Dabigatran: A Review of Clinical and Pharmacoeconomic Evidence
Critical Pathways in Cardiology, 10/07/2011Reddy P et al.
These observations suggest that dabigatran is a valuable addition to the therapeutic armamentarium for stroke prevention in selected patients with atrial fibrillation although caution should be exercised given the limited data on this agent and higher cost.
A single trial has studied patients at risk for stroke associated with nonvalvular atrial fibrillation; in this trial, dabigatran 150 mg twice a day met the criteria for superiority over warfarin in preventing stroke and systemic embolism while reducing the rate of hemorrhagic stroke with a similar risk of major bleeding.
For the treatment of venous thromboembolism, dabigatran 150 mg twice a day had comparable efficacy and safety versus warfarin.
In contrast, dabigatran was less effective than enoxaparin 30 mg twice a day in venous thromboembolism prevention in orthopedic surgery.
Advantages of dabigatran over warfarin include its lack of need for routine laboratory monitoring, a fixed–dose regimen, and potentially fewer clinically important drug interactions.
Concerns include higher incidences of dyspepsia and gastrointestinal bleeding, twice–daily dosing, and lack of effective antidote.

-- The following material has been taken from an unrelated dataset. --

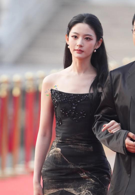 和她同场活动上的祝绪丹这次造型打扮得像个小公主,皮肤雪白可以看见血管。

Additional drawbacks include higher drug cost versus warfarin, accumulation in case of renal impairment, higher discontinuation rates due to adverse events, and limited long–term safety and trial data.
From a payer perspective, overall costs will be higher with dabigatran compared with warfarin, but dabigatran does meet the threshold to be considered a cost–effective therapy.
In addition, the lack of need for regular laboratory monitoring is a quality of life advantage for patients on dabigatran.